• What you are asked to do:
Using the data below, transcribe exactly everything from the line that contains "介護の⼈材採⽤メディア「みんなの介護求⼈」" down to the line that contains "[mhn포토] 정주리 캐디 김혜수, 신중하게 살핀다". Include both of those lines and none of the pictures.

• Records for this task:
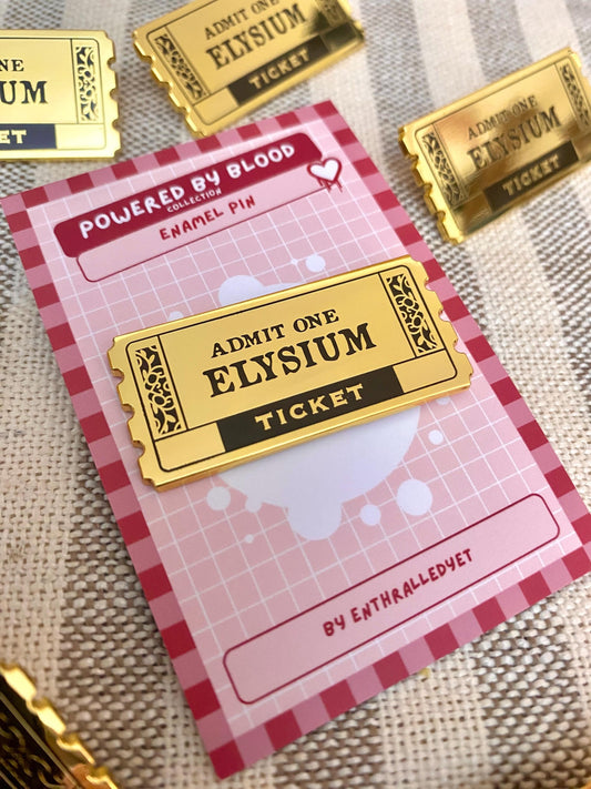Elysium Ticket - Gold Metal Enamel Pin, Gothic Vampire Badge
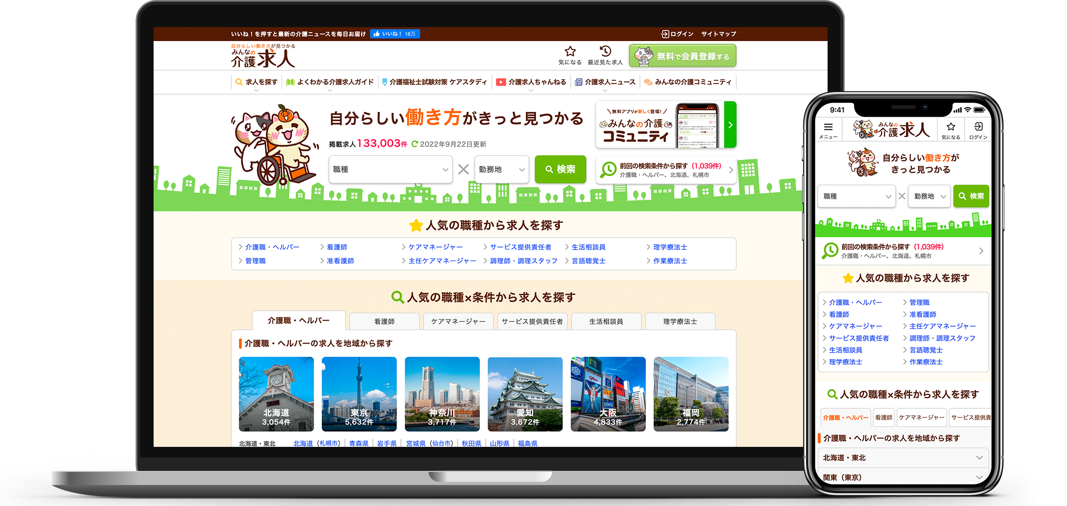 介護の⼈材採⽤メディア「みんなの介護求⼈」
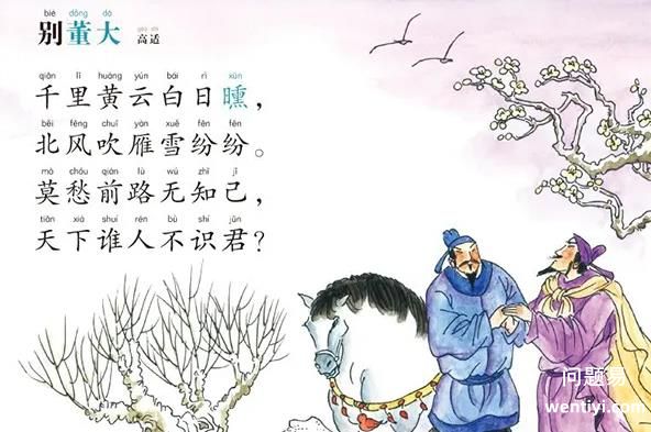 《别董大》中别是送别的意思,董大指董庭兰,是唐代当时有名的音乐家,在其兄弟中排名第一,故称董大”。
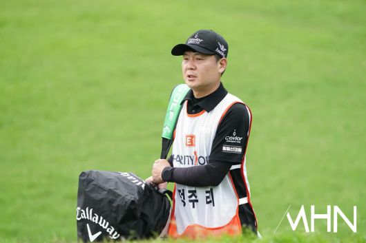 [mhn포토] 정주리 캐디 김혜수, 신중하게 살핀다
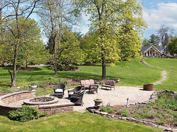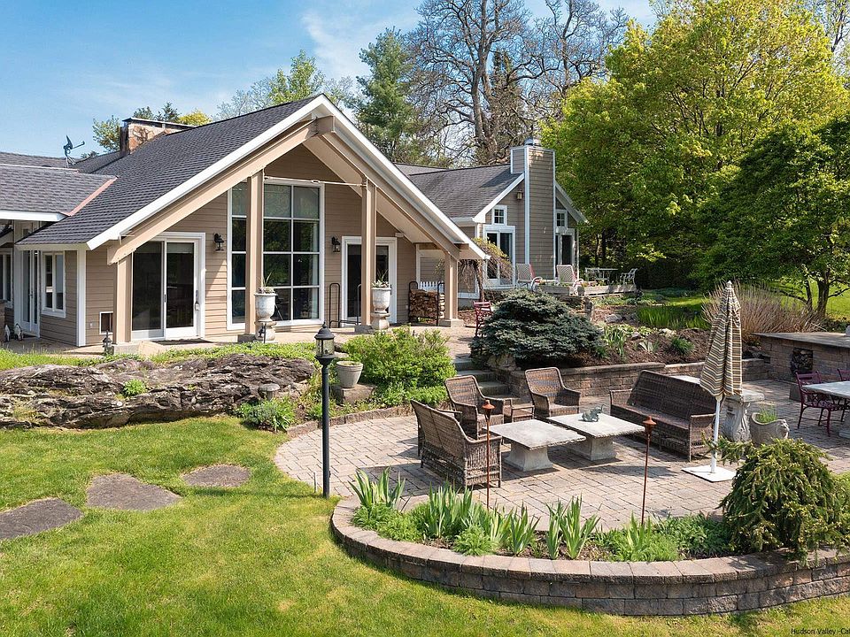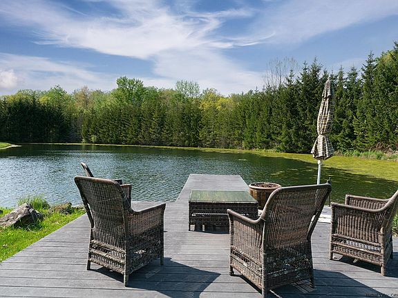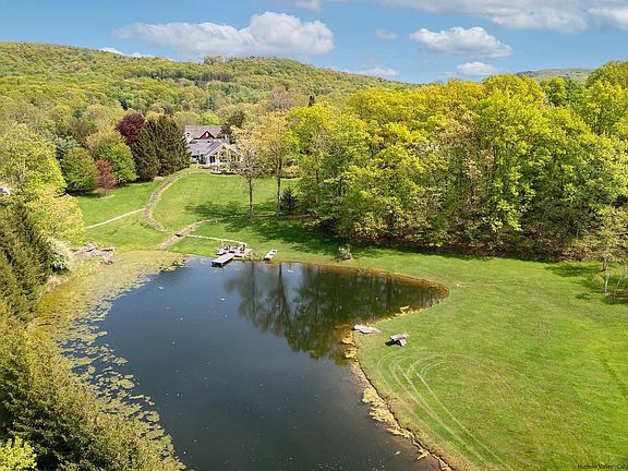 Welcome to The Delamater House, where old-world charm meets contemporary elegance in picturesque Ulster Park. This remarkable property seamlessly blends a historic stone home built in 1828 with a stunning modern addition, offering breathtaking views of the sparkling pond and meticulously landscaped grounds. Set on nearly 10 acres of rolling meadows, stone walls, streams, and a waterfall flowing into the pond, this private sanctuary also includes a highly productive organic farm. Pass through the impressive stone wall and pillars, beyond the separate two-car garage, and enter through the double-height portico, where the essence of this extraordinary home begins to unfold. The vaulted and beamed living room provides an awe-inspiring vista of the surrounding scenery, enhanced by a wall of windows, a wood-burning fireplace, and recessed lighting. French door sliders beckon you to one of the many stone patios, creating a seamless indoor-outdoor living experience. Another living area showcases the original stone construction and features a charming stone fireplace, adding to the home's historic allure. In total, this remarkable property has four fireplaces! The gourmet kitchen is a chef’s dream, with custom wood cabinets and undercabinet lighting, a Viking 6-burner stove with a char grill and pot filler, double ovens, a Viking bread warmer, a Sub-Zero refrigerator, and three sinks. Vaulted ceilings with skylights fill the space with natural light, while the granite counters and 24 x 24 slate floor tiles exude warmth and elegance. A separate bar area with its own sink and icemaker adds to the entertainment value of this exceptional kitchen. The adjacent formal dining room features a fireplace, exposed beams, wideboard floors, and deep window wells that showcase the depth of the original stone house walls. Ascending a short flight of stairs, you'll discover the expansive primary suite, a true sanctuary offering a private sitting area with a gas fireplace that leads out to its own stone patio, two walk-in closets fitted with custom California closet cabinetry, and an ensuite bath with a soaking tub, glass shower, and a separate bidet room. The lower level guest bedroom is thoughtfully designed, featuring a unique combination Murphy bed and desk, and its own ensuite bath. Upstairs, the second guest suite is complemented by vaulted ceilings, an ensuite bath, and a cozy sitting room. The outdoor spaces of The Delamater House are equally impressive, with stone patios, a hot tub, an outdoor kitchen, and multiple seating areas that invite relaxation and entertaining. The mature and elegant landscaping enhances every corner of the property, accentuating the retaining walls and natural rock outcroppings. Enjoy captivating sunsets from the western-facing vantage point. Follow the stone path down the gentle slope to your own private swimming pond, with additional seating areas near the enchanting waterfall. Tucked away on a corner of the property lies a certified organic compact farm, offering an opportunity to indulge your passion for fresh produce and flowers. Ample space accommodates a variety of heirloom vegetables, including fennel, radicchio, and romaine lettuce, as well as a variety of heirloom and cherry tomatoes in the Tomato House. The farm also boasts blueberry, red raspberry, blackberry, and black raspberry bushes, along with currants, gooseberries, and jostaberries. The farm also boasts a chicken coop, a large pergola, and a giant commissioned sculpture by Glen Mayo which completes this agricultural haven. This amazing home and property can fulfill both your spirit and your stomach! The systems have been thoughtfully updated, including central air and splits, Nest thermostats, built-in stereo speakers, two air handlers with filters, and a generator, ensuring modern comfort and convenience. The location is ideal, offering both privacy and easy access to cultural attractions, dining and outdoor pursuits in the historic Hudson Valley

• The completed task:
 介護の⼈材採⽤メディア「みんなの介護求⼈」
 《别董大》中别是送别的意思,董大指董庭兰,是唐代当时有名的音乐家,在其兄弟中排名第一,故称董大”。
 [mhn포토] 정주리 캐디 김혜수, 신중하게 살핀다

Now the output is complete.